This provides the code to reproduce my result on AI Challenger Captioning contest (#3 on test b).
This is based on my ImageCaptioning.pytorch repository and self-critical.pytorch. (They all share a lot of the same git history)
Python 2.7 PyTorch 0.2 (along with torchvision) tensorboard-pytorch jieba hashlib
First, download the ai_challenger images from link. We need both training and validationd data.
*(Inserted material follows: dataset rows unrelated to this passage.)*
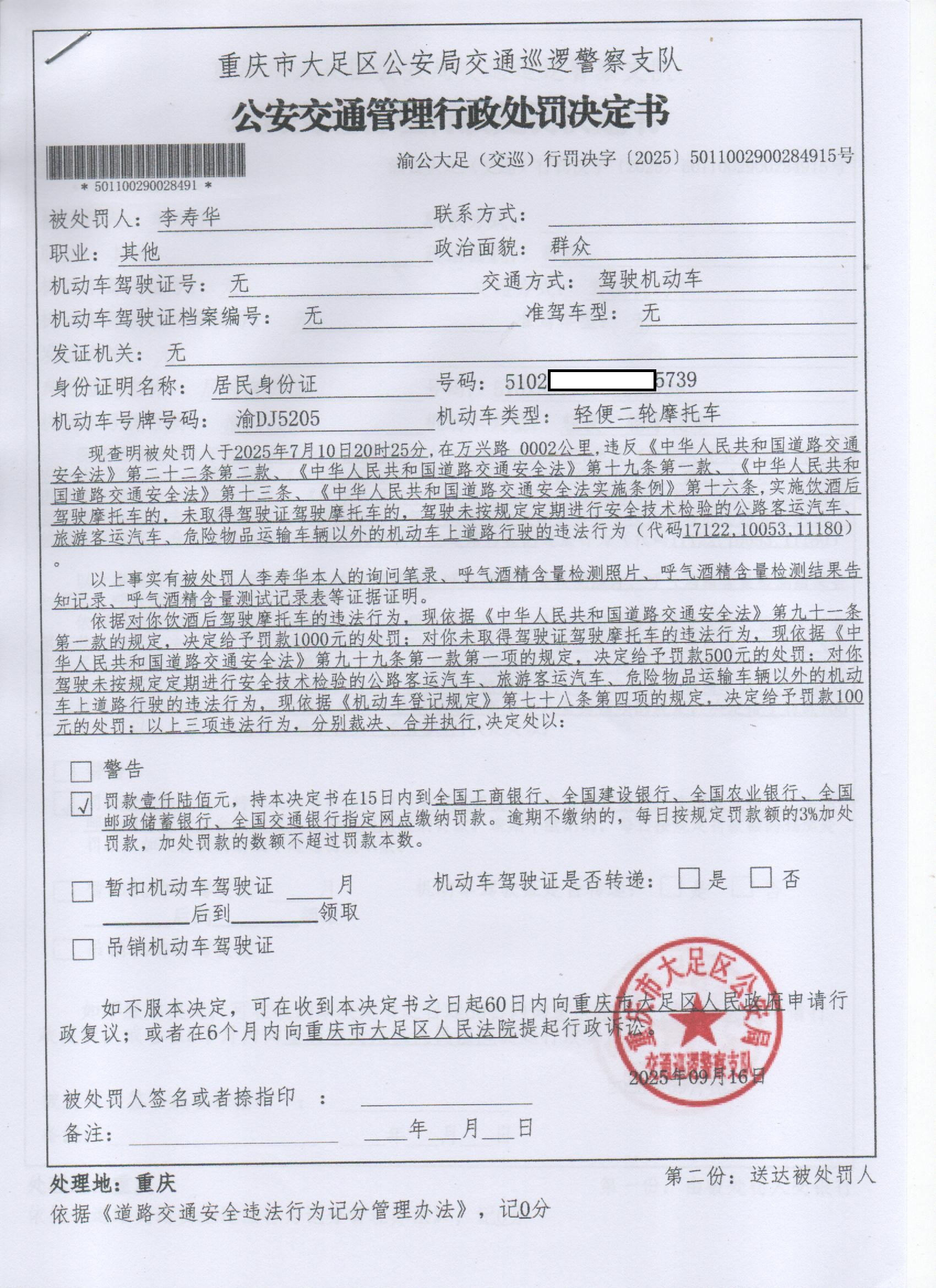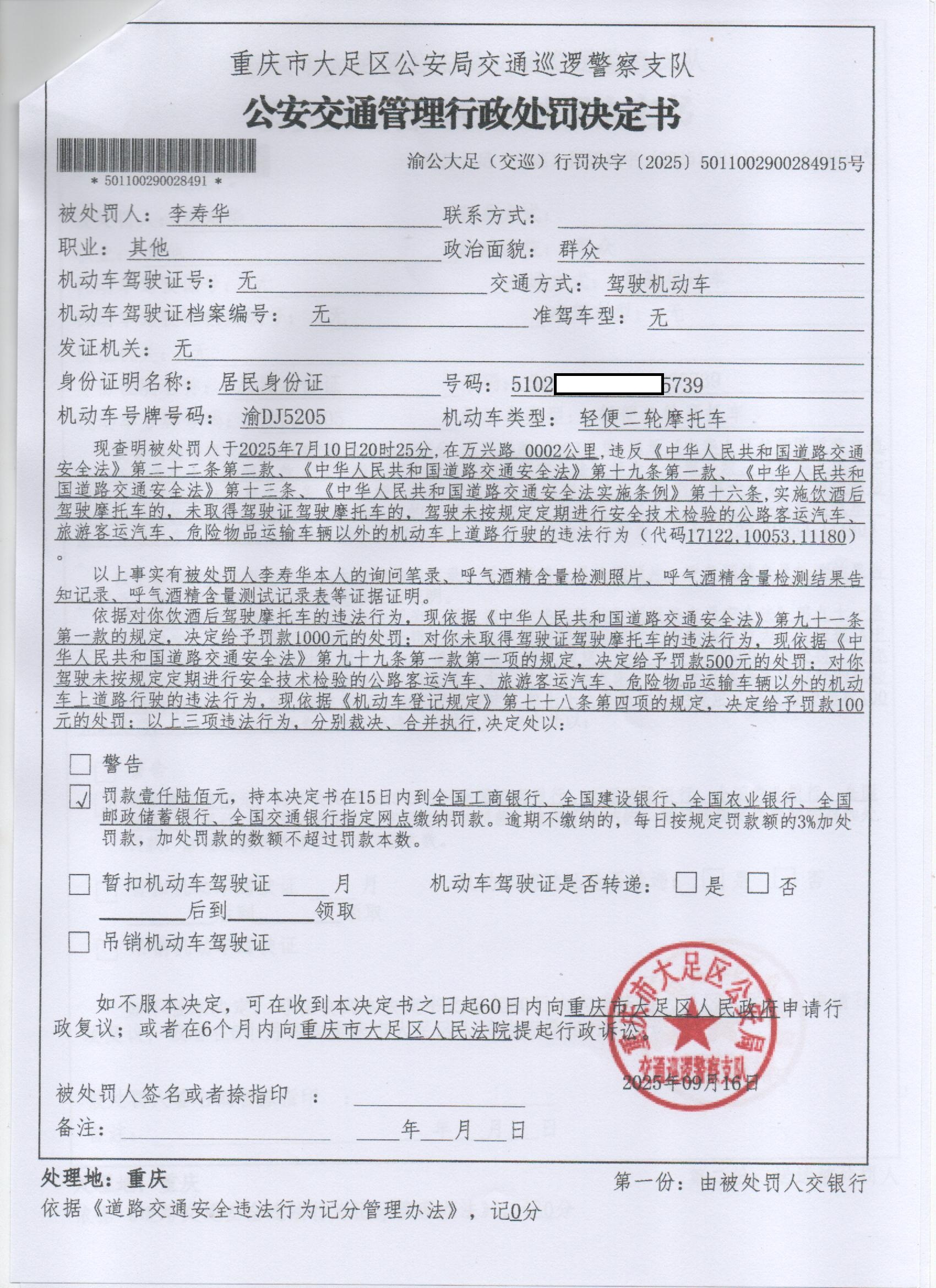 附件:《行政处罚决定书》(渝公大足(交巡)行罚决字【2025】第5011002900284915号)
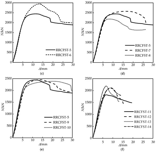 Figure 12 presents load–displacement curves of each specimen. As can be seen in Figure 12a, for the columns with a designed aspect ratio of 1.5, the ultimate bearing capacity and the descent curve are slightly improved by the tie bars due to the limited confinement increasement, which is illustrated in Section 3.2. Figure 12b–e indicate that the tie bar has a large influence on the descent curve trend of the specimen with the designed aspect ratio of 2. The curves drop smoothly after the ultimate load, and the ductility can be improved when the number of tie bar limbs increases (Figure 12b), and a similar tendency is observed for the specimen with the designed aspect ratio of 3 (Figure 12f). According to the analysis in Section 3.2, the confined effect of steel tube (Figure 10b,c) and the section stress distribution (Figure 11b,c) of concrete are improved by tie bars. The stiffness of the specimen is promoted, which leads to the improvement of the development trend of the above curves. The descending stage of the curve (Figure 12d) is greatly affected by the longitudinal distance of tie bars (bs), the enveloping area under the curve is enlarged with an increased bs, which reflects that the longitudinal distance of tie bars has a great improvement on the ductility of RRCFST column. However, Figure 12e shows that the shape of the curve has a tiny relationship with the diameter of tie bars. By increasing the thickness of the steel tube (Figure 12c), the ultimate bearing capacity, ductility and energy absorption capacity of the test piece are significantly improved. In Figure 12f, curves of RRCFST-12 and RRCFST-14 share a similar trend. For RRCFST-14 with 3 limbs of tie bars, the middle tie bar has a more efficient contribution to bearing capacity than the two side tie bars due to the adequate utilization of tie bar deformation and strength, and curves 7, 8 in Figure 9i also illustrate this phenomenon.
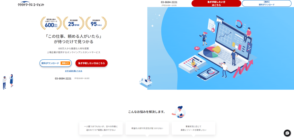 クラウドワークス エージェントは、国内最大級のクラウドソーシング「クラウドワークス」が提供する、ハイスキル人材とのマッチング型オンラインアシスタントサービスです。
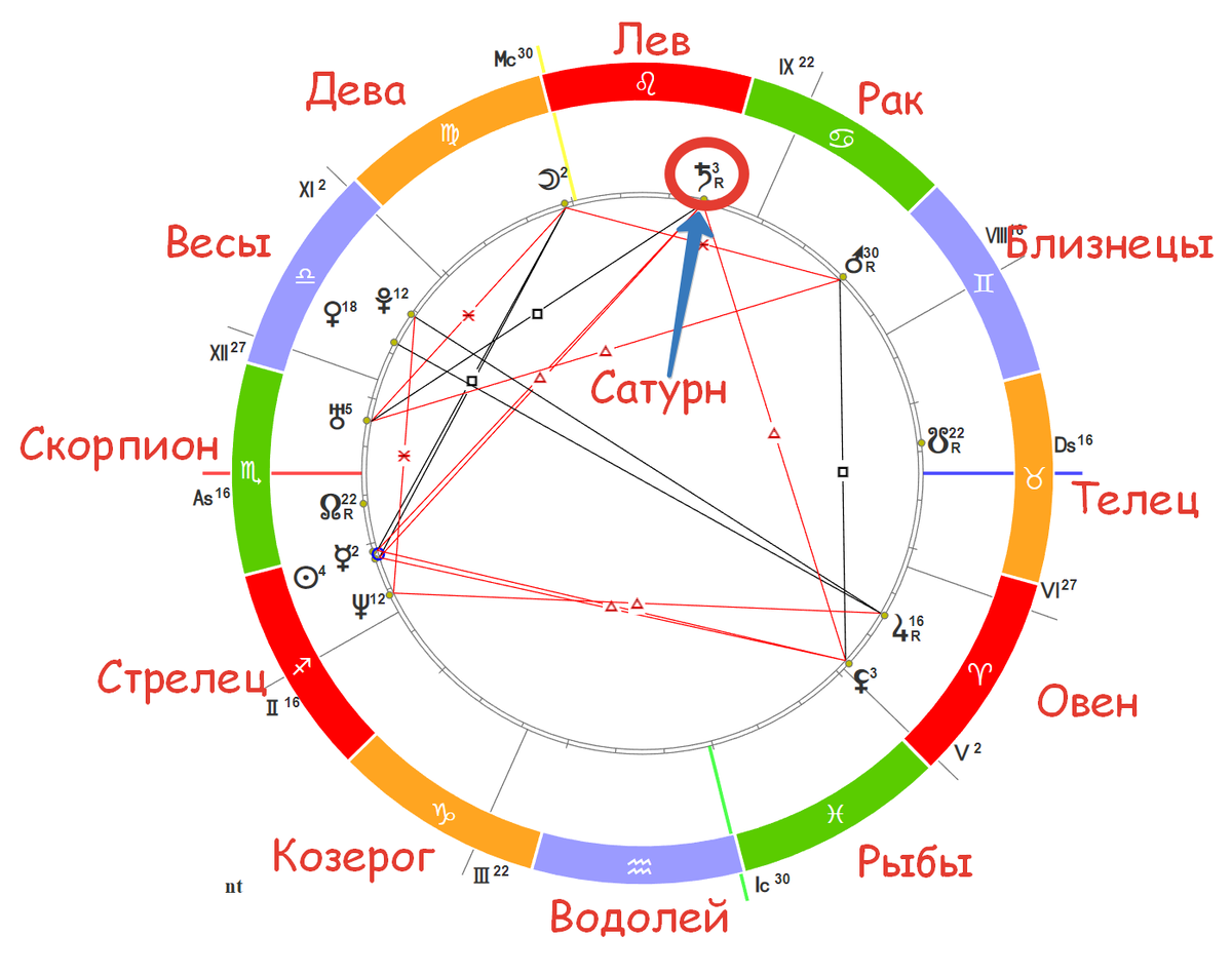 В моем примере Сатурн стоит во Льве. На всякие казявки в виде цифр и буквы R не обращаем внимание. Хотя... с буквой R Сатурн, пожалуй, более вредный будет. Еще более гадко будет проявлять себя Сатурн, который связан с другими планетами черными связями (аспектами).

We decompress the data into a same folder, say data/ai_challenger
, the structure would look like:
├── data
│ ├── ai_challenger
│ │ ├── caption_train_annotations_20170902.json
│ │ ├── caption_train_images_20170902
│ │ │ ├── ...
│ │ ├── caption_validataion_annotations_20170910.json
│ │ ├── caption_validation_images_20170910
│ │ │ ├── ...
│ ├── ...
Once we have the images and the annotations, we can now invoke the prepro_*.py
script, which will read all of this in and create a dataset (two feature folders, a hdf5 label file and a json file).
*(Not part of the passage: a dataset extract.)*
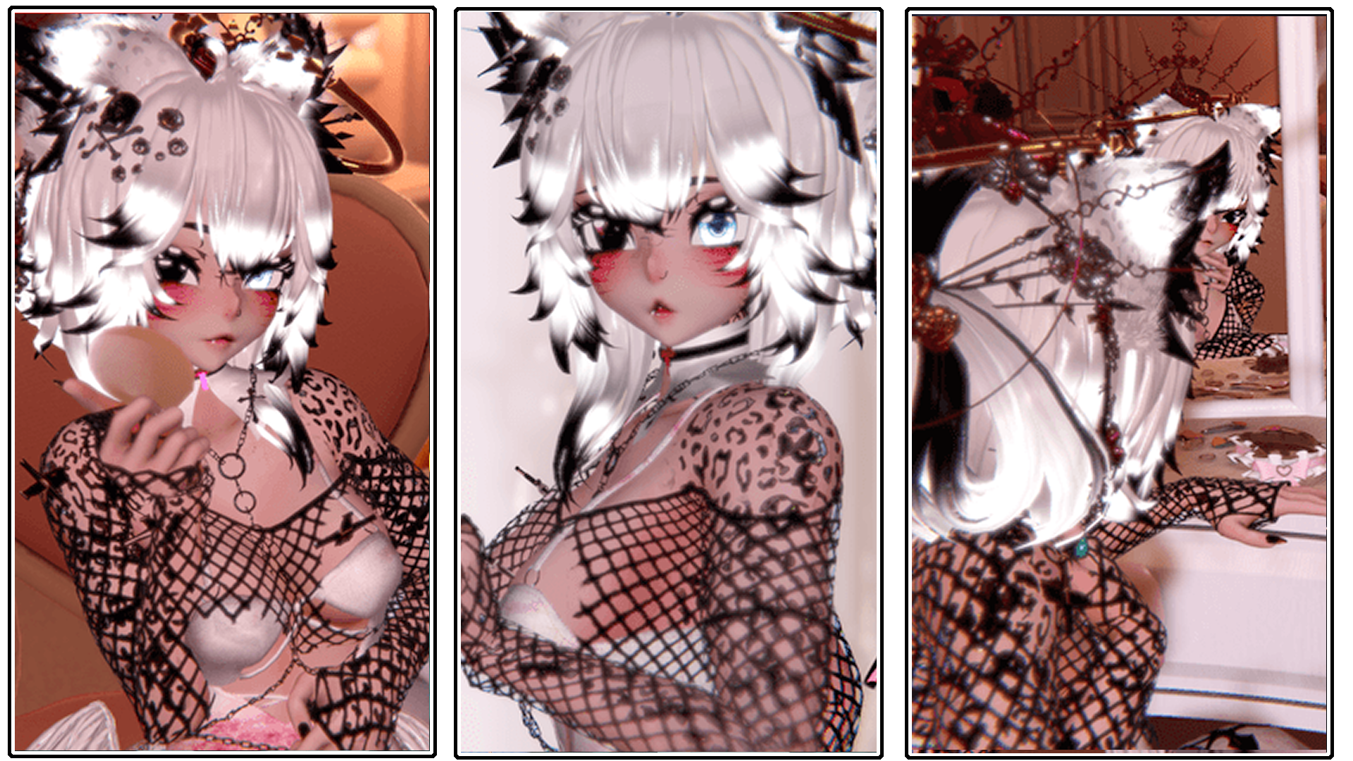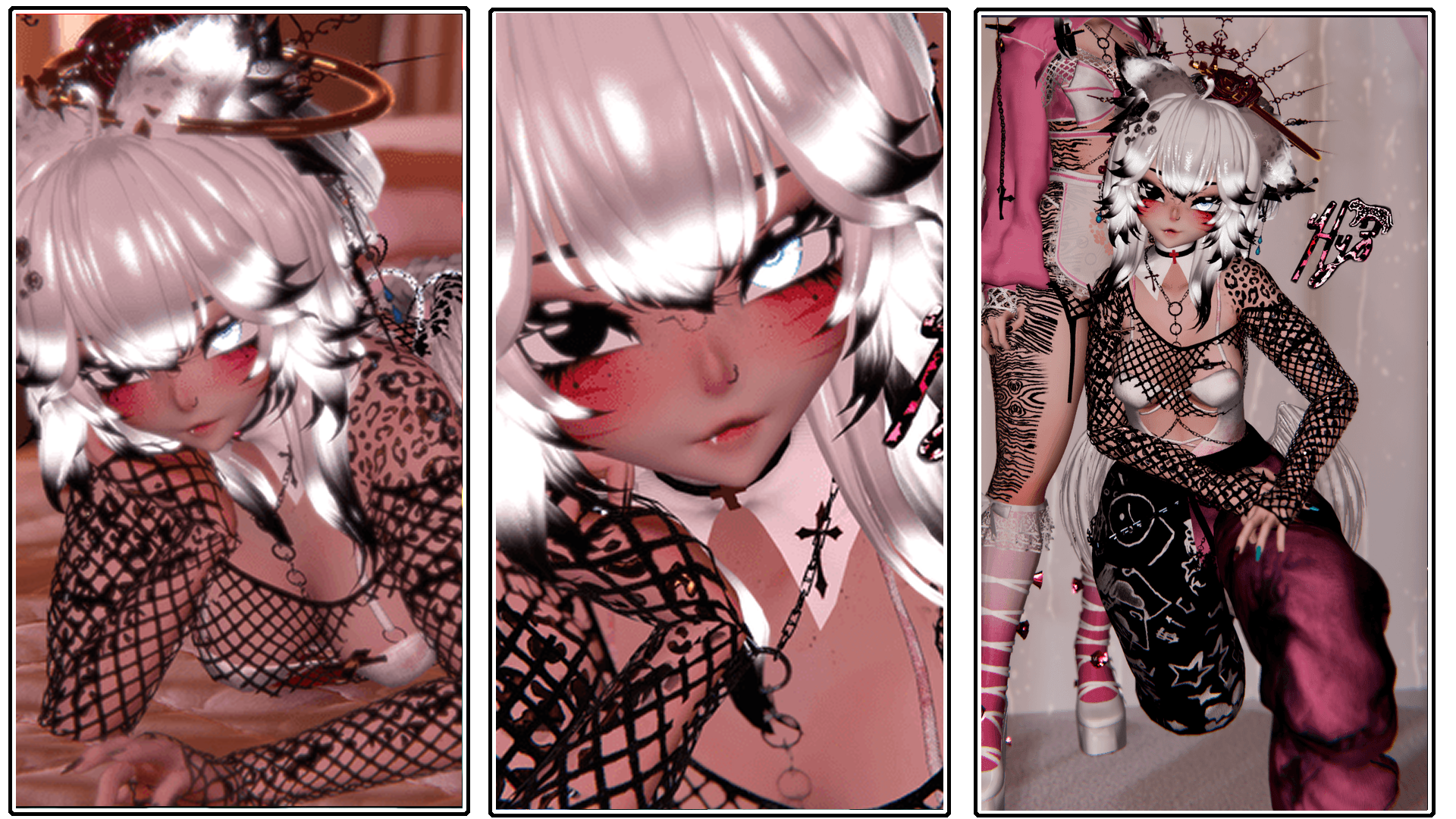↳Clothing Options: Collar, Fishnet Top, Fishnet Skirt, Leggings, Pants, Heels (toes will stay tippy toed), Crown, Wings, Dagger, Chain Top, Waist Chain

$ python scripts/prepro_split_tokenize.py --input_json ./data/ai_challenger/caption_train_annotations_20170902.json ./data/ai_challenger/caption_validation_annotations_20170910.json --output_json ./data/data_chinese.json --num_val 10000 --num_test 10000
$ python scripts/prepro_labels.py --input_json data/data_chinese.json --output_json data/chinese_talk.json --output_h5 data/chinese_talk --max_length 20 --word_count_threshold 20
$ python scripts/prepro_reference_json.py --input_json ./data/ai_challenger/caption_train_annotations_20170902.json ./data/ai_challenger/caption_validation_annotations_20170910.json --output_json ./data/eval_reference.json
$ python scripts/prepro_ngrams.py --input_json data/data_chinese.json --dict_json data/chinese_talk.json --output_pkl data/chinese-train --split train
prepro_split_tokenize
will conbine both training and validation data, and randomly the dataset into train, val and test. It will also tokenize the captions using jiebe.
prepro_labels.py
will map all words that occur <= 20 times to a special 卍
token, and create a vocabulary for all the remaining words. The image information and vocabulary are dumped into data/chinese_talk.json
and discretized caption data are dumped into data/chinese_talk_label.h5
.
prepro_reference_json.py
will prepare the json file for caption evaluation.
prepro_ngrams.py
will prepare the file for self critical training.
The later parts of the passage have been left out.